The Early Exit Problem: Why Most Retail Sell Before the Real Move

It is a pain worse than taking a loss.$PIPPIN $TRADOOR $ZEC
You correctly identified the setup. You nailed the entry. You endured the initial chop. The trade finally moves into profit. You see green on the screen—maybe a nice 5% or 8% gain. Your heart starts beating a little faster. You think, "I should book this before it turns around."
You hit the sell button. You feel a momentary rush of relief. You banked a win.
Then, over the next three days, you watch in horror as the asset rallies another 40% without you. You captured the crumbs while someone else ate the whole cake.
This is the "Early Exit Problem." It is the primary reason why so many retail traders have high win rates but flat, or even negative, account growth.
Here is why it happens and how to stop choking your winners.
The Psychology: When Green Becomes Scary
The root of the early exit is a psychological flaw known as Loss Aversion, combined with a misunderstanding of risk.
When a retail trader is in a losing position, they become a Gambler. They hold on, hoping for a reversal, often ignoring their stop loss because "it has to come back."
But the moment that same trader enters a winning position, they turn into a scared turtle. The mindset shifts instantly from "how much can I make?" to "I must protect this tiny pile of money at all costs."
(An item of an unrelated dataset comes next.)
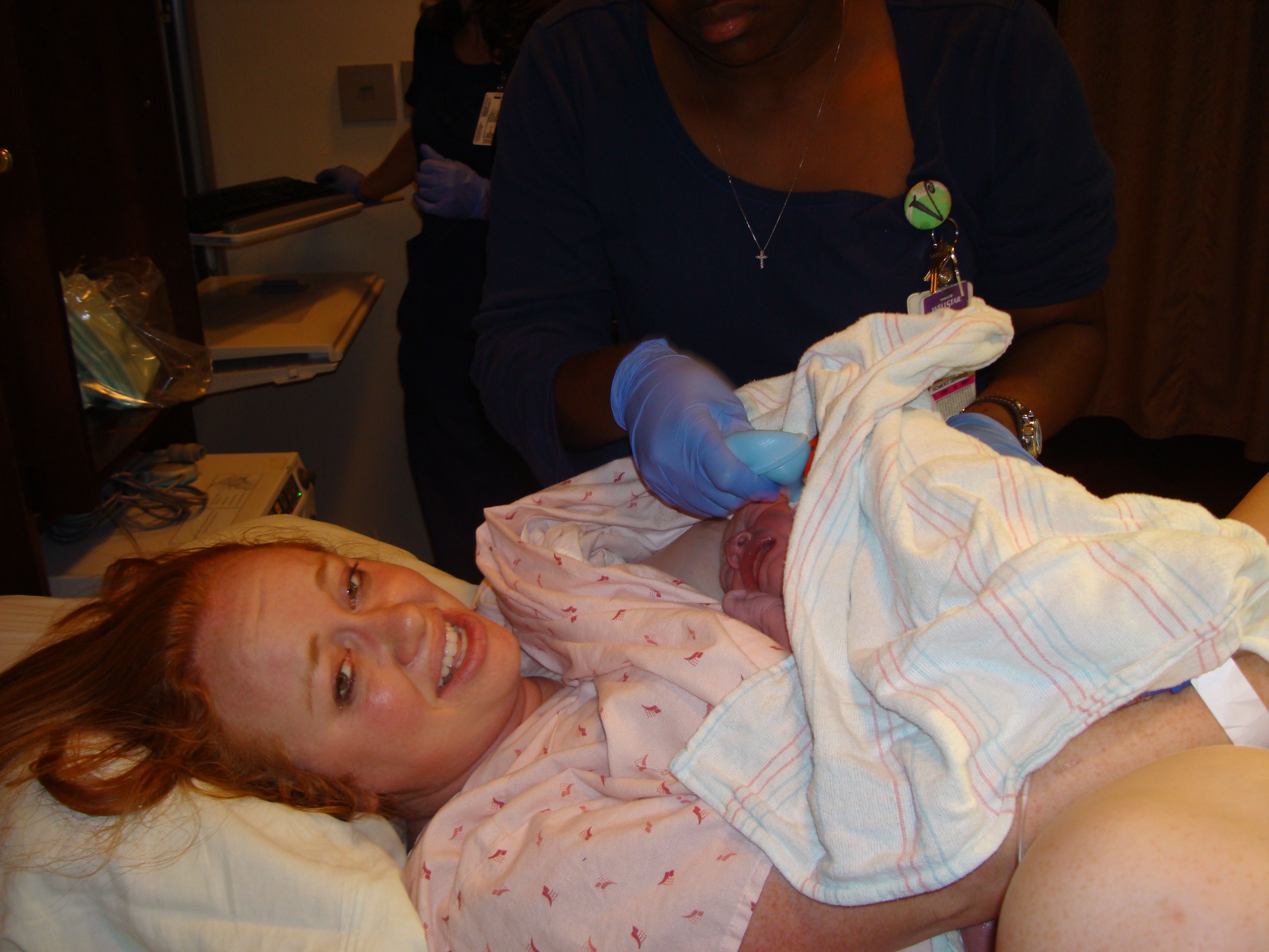 The midwife checked me again and it was time!! I was 10 centimeters dilated!  She decided that it was time to break my water with an instrument that eerily resembled a crochet hook :(. It only took a few moments for the contractions to intensify dramatically  after this procedure and I got my first taste of what the billions of women before me spoke about as if it were a right of passage.  She told me to “labor down” for a while- which means even though your body is telling you to push, you refrain and just let the contractions do it for you.  Ummm… YEAH RIGHT!  My body was pushing and there wasn’t a damn thing I (or anyone else for that matter) could do about it.  I pushed harder than I ever thought possible… Ian said I turned blue, I couldn’t catch my breath, I broke the blood vessels around my eyes, and my eyes popped out of my head like a frog and stayed that way for 3 days.

Why? Because realizing a small profit feels good right now (instant gratification), while holding for a larger profit requires enduring uncertainty (delayed gratification). Your brain is wired to choose the former to avoid the potential pain of watching a green trade turn red.
Smart Money Rides the Wave; Retail Paddles in the Shallow End
The fundamental difference between institutional "Smart Money" and retail traders is how they view a trend.
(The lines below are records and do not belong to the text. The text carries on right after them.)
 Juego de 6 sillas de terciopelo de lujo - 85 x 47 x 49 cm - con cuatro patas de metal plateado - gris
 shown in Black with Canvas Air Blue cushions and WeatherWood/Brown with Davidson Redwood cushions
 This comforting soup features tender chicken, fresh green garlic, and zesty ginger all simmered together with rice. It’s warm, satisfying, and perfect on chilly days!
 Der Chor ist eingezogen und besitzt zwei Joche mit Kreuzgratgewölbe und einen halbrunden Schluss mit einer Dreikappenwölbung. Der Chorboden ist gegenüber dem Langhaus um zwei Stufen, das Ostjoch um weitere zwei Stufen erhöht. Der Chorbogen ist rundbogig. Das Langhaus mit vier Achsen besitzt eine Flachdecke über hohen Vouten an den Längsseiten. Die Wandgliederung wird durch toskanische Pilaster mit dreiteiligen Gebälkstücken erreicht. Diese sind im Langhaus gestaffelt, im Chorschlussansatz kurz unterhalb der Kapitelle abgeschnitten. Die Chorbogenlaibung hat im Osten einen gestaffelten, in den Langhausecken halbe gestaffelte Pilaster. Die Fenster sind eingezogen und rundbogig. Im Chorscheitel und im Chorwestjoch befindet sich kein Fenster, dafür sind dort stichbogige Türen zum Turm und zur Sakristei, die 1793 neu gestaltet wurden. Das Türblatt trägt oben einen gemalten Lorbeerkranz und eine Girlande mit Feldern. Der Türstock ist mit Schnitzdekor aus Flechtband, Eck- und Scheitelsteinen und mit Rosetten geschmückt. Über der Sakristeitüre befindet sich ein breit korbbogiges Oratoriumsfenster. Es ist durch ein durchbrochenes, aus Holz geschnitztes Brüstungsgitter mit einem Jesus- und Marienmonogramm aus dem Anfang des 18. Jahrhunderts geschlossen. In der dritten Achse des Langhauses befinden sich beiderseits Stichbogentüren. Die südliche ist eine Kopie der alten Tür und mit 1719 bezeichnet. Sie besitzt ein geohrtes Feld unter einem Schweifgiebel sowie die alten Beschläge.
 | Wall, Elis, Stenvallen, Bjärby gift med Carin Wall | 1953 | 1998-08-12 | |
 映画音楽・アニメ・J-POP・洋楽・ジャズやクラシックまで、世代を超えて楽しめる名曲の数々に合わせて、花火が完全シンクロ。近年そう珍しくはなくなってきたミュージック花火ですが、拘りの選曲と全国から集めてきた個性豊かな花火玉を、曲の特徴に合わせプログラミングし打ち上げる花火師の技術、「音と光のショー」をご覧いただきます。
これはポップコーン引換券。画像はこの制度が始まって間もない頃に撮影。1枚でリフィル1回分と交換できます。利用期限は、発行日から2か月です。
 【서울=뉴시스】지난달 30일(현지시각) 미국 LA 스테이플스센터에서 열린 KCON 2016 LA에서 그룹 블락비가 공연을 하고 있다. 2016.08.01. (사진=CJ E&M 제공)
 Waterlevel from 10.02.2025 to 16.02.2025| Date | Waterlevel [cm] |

Retail traders trade their P&L (Profit & Loss). They stare at the dollar amount fluctuating on the screen. When the number looks "good enough" to cover their car payment or pay for dinner, they take it. Their exit is based on their personal financial needs, not market reality.
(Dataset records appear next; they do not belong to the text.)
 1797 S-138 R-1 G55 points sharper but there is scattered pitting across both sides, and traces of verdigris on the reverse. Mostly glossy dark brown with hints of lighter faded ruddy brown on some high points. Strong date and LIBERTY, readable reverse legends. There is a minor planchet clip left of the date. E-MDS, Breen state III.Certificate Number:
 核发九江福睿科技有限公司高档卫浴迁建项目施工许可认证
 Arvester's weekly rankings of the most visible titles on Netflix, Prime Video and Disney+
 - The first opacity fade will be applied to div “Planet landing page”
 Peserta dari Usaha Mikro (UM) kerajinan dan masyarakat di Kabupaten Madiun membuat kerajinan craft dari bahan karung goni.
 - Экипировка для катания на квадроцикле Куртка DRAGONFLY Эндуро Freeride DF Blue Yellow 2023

Smart Money trades the Market Structure. They could not care less about their entry price once the trade is live. They only care about one thing: Has the trend changed?
If an asset is making higher highs and higher lows on a significant timeframe (like the Daily or 4-Hour), Smart Money is holding—or even adding to the position. They know that real wealth is made in the "fat" middle of the trend, not the initial breakout.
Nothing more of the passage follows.